Он заметил, что из конверта торчал еще один листок, на этот раз тонкий и в клеточку. Столяров вытащил его – обычная страничка из блокнота, с одной стороны исписана синей ручкой на две трети: «Здравствуй, Коля…»
Столяров передвинул руку с письмом туда, где на текст падало больше света, и прочитал:
«Здравствуй, Коля!
Пишет тебе Маргарита, Ритка из деревни Устиновка. Ты, наверное, не помнишь меня, моя мама была двоюродной сестрой твоей мамы. Вы приезжали сюда на лето, когда нам было по пять лет. Еле нашла твой новый адрес. У меня все хорошо, но родственники все померли, и мама тоже, царствие им небесное. А эта фотография досталась мне в наследство, так как здесь, в Устиновке, одна я наследница. Это прабабушка наша с тобой, Люсинда Григорьевна.

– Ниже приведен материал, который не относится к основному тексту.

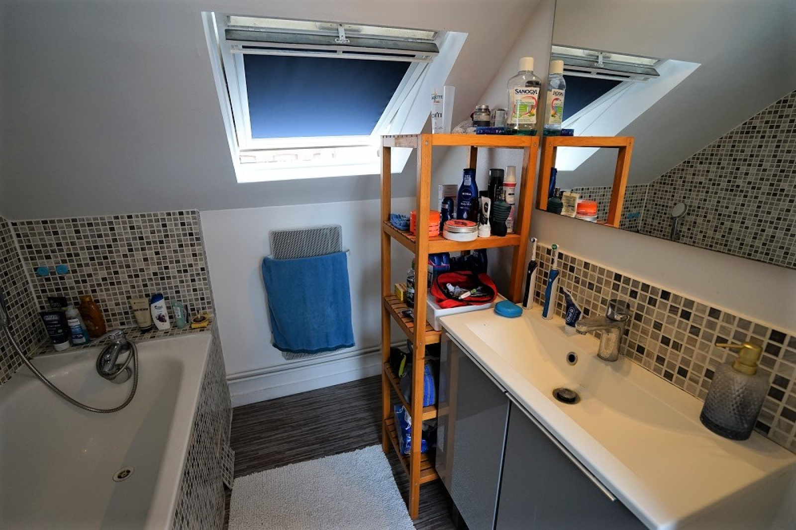 Entrée avec placards intégrés et wc séparés – Spacieuse et lumineuse pièce de vie parquetée de 25m² avec cuisine équipée ouverte et séjour – A l’étage, 2 chambres et une salle de bains avec vasque et baignoire – Double-vitrage dans l’ensemble du bien – Chauffage individuel électrique – Copropriété de 9 lots – Charges courantes annuelles d’environ 783€ (eau froide, entretien des parties communes) – Honoraires inclus charge acquéreur : 6% TTC ( prix 205 000 € hors honoraires ) – www.estime-immo.com

Извини, но нет больше моих сил, отправляю фотографию тебе. Держи ее дома три дня, потом делай, что хочешь. Помоги тебе Бог, и не поминай лихом!
Рита».
Более корявого и бестолкового письма неведомая Рита написать не могла. Неведомая – потому что никаких Устиновок Столяров не знал, никаких троюродных сестер у него не было, не гостил он в Рязанской области, а прабабка Люсинда (!!!) – это был вообще перебор. Хмыкнув, он повертел записку в руках. Ритка, Маргаритка. Может, он просто забыл? Столяров попытался вызвать в памяти какое-нибудь детское личико, белобрысое, курносое… Нет. Не было в его детстве босоногих девочек с такими именами.
Он вернулся к фотографии.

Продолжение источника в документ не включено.